Le conseil d'administration du FNAP doit être composé à parité de représentants de l'État et de bailleurs sociaux, ainsi que de représentants des collectivités territoriales et de l'Assemblée nationale et du Sénat. Philippe Dallier présentera un amendement supprimant la représentation parlementaire, introduite par l'Assemblée nationale ; de mon côté, je vous proposerai d'y introduire des représentants des métropoles.

Sous ces réserves, je vous propose d'adopter l'article 56.

Je vous invite également à adopter l'article 56 bis déduisant de l'autofinancement qui sert de base à la cotisation additionnelle des organismes HLM à la CGLLS les soldes nets perçus dans le cadre de la mutualisation financière entre les organismes HLM.

Alors que l'Agence nationale de l'habitat (ANAH) est de plus en plus sollicitée, via le programme « Habiter mieux » ou la mise en oeuvre du plan triennal de mobilisation pour les copropriétés fragiles et en difficulté, ses ressources demeurent incertaines en dépit d'une évolution favorable des quotas carbone. En effet, l'agence ne bénéficiera pas de la contribution du fonds de financement de la transition énergétique ; de plus, l'article 14 du projet de loi de finances fait passer sa part du produit de la taxe sur les logements vacants de 61 millions à 21 millions d'euros ; et la mise en place de la nouvelle obligation spéciale en matière de certificats d'économie d'énergie, bouleversant l'équilibre trouvé avec certains énergéticiens, devrait conduire à un report de la contribution attendue de 59 millions d'euros des fournisseurs d'énergie. Enfin, je regrette que la contribution de la Caisse nationale de solidarité pour l'autonomie (CNSA) au budget de l'ANAH ne soit, semble-t-il, pas actée pour 2016, alors même que l'adaptation des logements au vieillissement est un enjeu majeur pour notre société.

L'article 55 bis affecte la totalité du produit de l'astreinte administrative en matière de lutte contre l'habitat indigne à l'ANAH, mais la ressource reste virtuelle, le décret d'application n'ayant toujours pas été pris.

À l'heure où se profile la COP 21 et après avoir posé des objectifs ambitieux dans la loi sur la transition énergétique, il est anormal que l'ANAH n'ait pas de ressources pérennes alors qu'elle doit aider à la rénovation de 50 000 logements par an.

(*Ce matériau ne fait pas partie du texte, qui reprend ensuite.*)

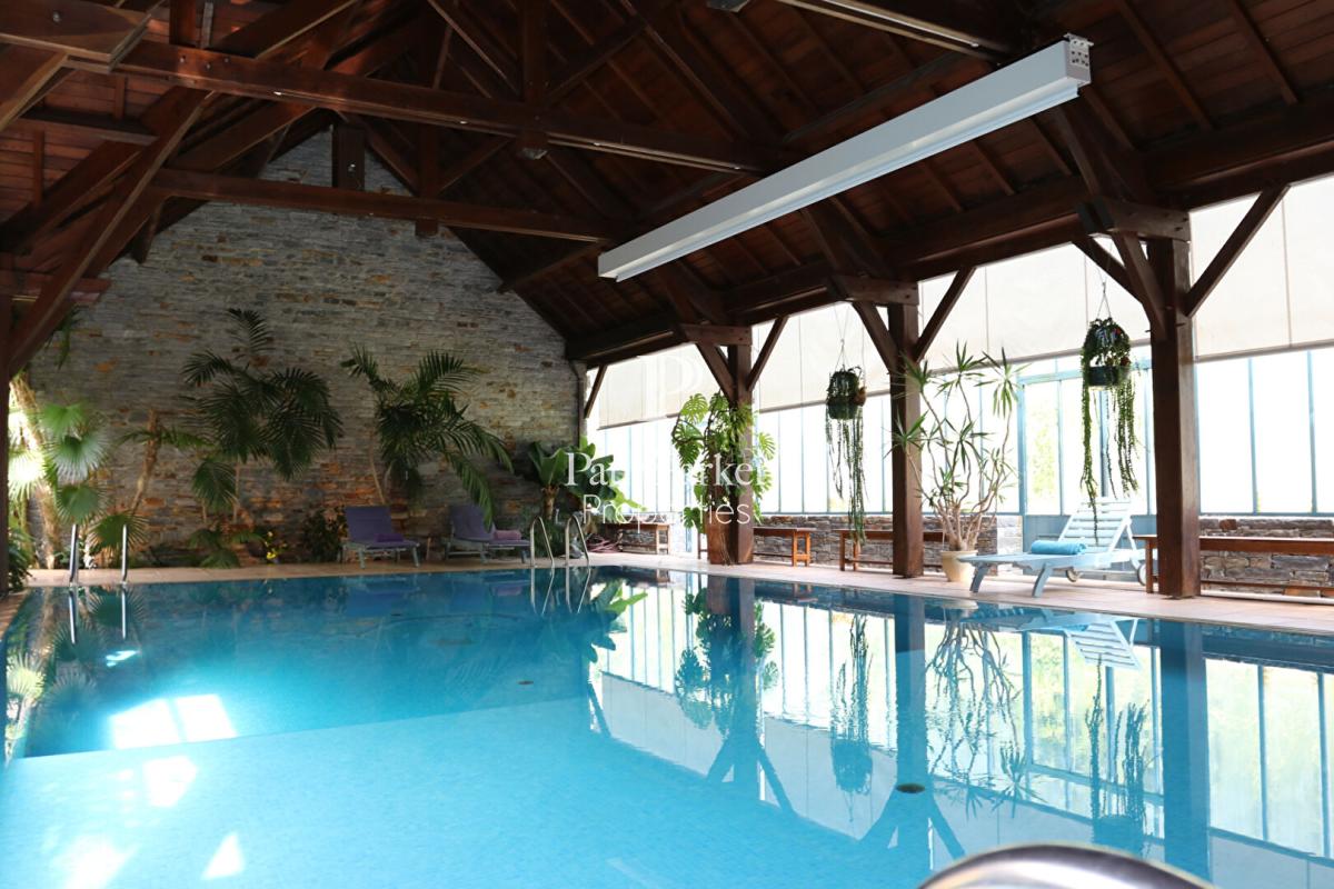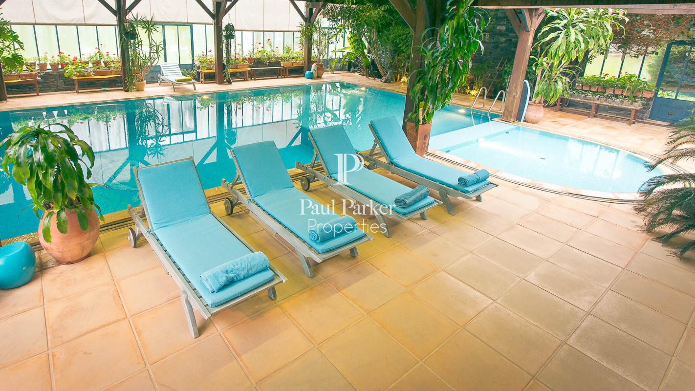 56200 La Gacilly. In the triangle formed by Vannes, Rennes, and Nantes, Paul Parker Properties presents a harmonious and exceptional manor house, fully restored and nestled in the heart of a 14-hectare park. Equidistant between Rennes and Vannes, 40 km from the sea, and 15 minutes from a train station with high-speed rail connections to Paris in 2.5 hours, this imposing 16th-century manor has been completely restored and is admirably well-preserved and maintained. The upper floors comprise 13 bedrooms and 13 bathrooms. The living rooms, dining room, office, music room, and kitchen are located on the garden level. Two very romantic and well-equipped cottages can accommodate up to 10 people. One of them opens directly onto the indoor swimming pool with its tropical feel. The setting is magical and unexpected, spanning over 280 sqm, with a welcoming reception area where guests will happily linger. Equestrian arts are very much in evidence here, and the facilities are suitable for both amateurs and professionals. Horses enjoy vast pastures, 16 stalls (two of which are dedicated to foaling), an outdoor arena, and a 20×20 meter indoor riding arena. A tack room, equipment shop, and clubhouse/piano bar are also available for riders. Barns and other outbuildings complete the property. The manor house boasts a consecrated chapel, a unique and preserved space. A tennis court, an old forge tower to be restored, various outbuildings, and an orchard complete the grounds. The property is suitable for an existing commercial activity and has the potential to be expanded to include private events such as weddings or seminars. The elegance and quality of this property are remarkable. The charm of the park with its centuries-old trees, the Renaissance architecture of the manor house, and its grounds that gently slope down to the river make this an enchanting place. A complete file is available upon request. Proof of financial capacity will be required before a visit. Energy Performance Certificate (EPC): E-347 Greenhouse Gas Emissions (GHG): -85 In accordance with Article L.561.5 of the French Monetary and Financial Code, you will be required to present identification to arrange a viewing. This sale is guaranteed for 12 months. All offers will be carefully considered. I am offering this property at a price of EUR5,200,000.00. Agency fees of 4% are payable by the buyer, resulting in a net price of EUR5,000,000.00 for the seller. This advertisement was written under the editorial responsibility of Anne-Elizabeth de Romans (06 50 38 74 04 ae.deromans@paul-parker-properties.com) acting as a real estate consultant under an umbrella company for Paul Parker Properties, located at 10 rue du Colisée 75008 Paris, a brand of SAS PROPRIETES PRIVEES, a national real estate network with a capital of 40,000.00 euros, RCS NANTES n° 487 624 777, Professional card T and G n° CPI 4401 2016 000 010 388 CCI Nantes, Guarantee GALIAN, 89 rue La Boétie, 75008 Paris – T: 1,500,000 euros – G: 120,000 euros. Information on the risks to which this property is exposed is available on the Géorisques website: www.georisques.gouv.fr.

Enfin, si les mesures en faveur du logement intermédiaire et de l'accession à la propriété - l'extension du prêt à taux zéro, le différé de remboursement et l'augmentation du plafond de ressources - vont dans le bon sens, il faut davantage pour lever les freins que rencontre le secteur de la construction et développer du logement abordable. Ainsi, il me paraît impératif de poursuivre la simplification des normes de construction et de revoir les règles de contentieux en matière d'urbanisme. Je propose une pause d'un an dans la création de normes, qui serait mise à profit pour renforcer la cohérence des normes existantes et les simplifier. J'ai présenté trois amendements au projet de loi sur la justice du XXIe siècle pour fluidifier et accélérer les procédures administratives et limiter les possibilités de recours en justice. D'après la Fédération des promoteurs et constructeurs immobiliers, 30 000 logements seraient bloqués par des procédures judiciaires. Il me paraît également important de faciliter l'accès au foncier privé.

En conclusion, je vous invite à émettre un avis défavorable à l'adoption des crédits de la mission « Égalité des territoires et logement ».

Je vous invite également à adopter mes amendements à l'article 56, à donner un avis défavorable à l'article 55 quater et à donner un avis favorable à l'adoption des autres articles rattachés à la mission.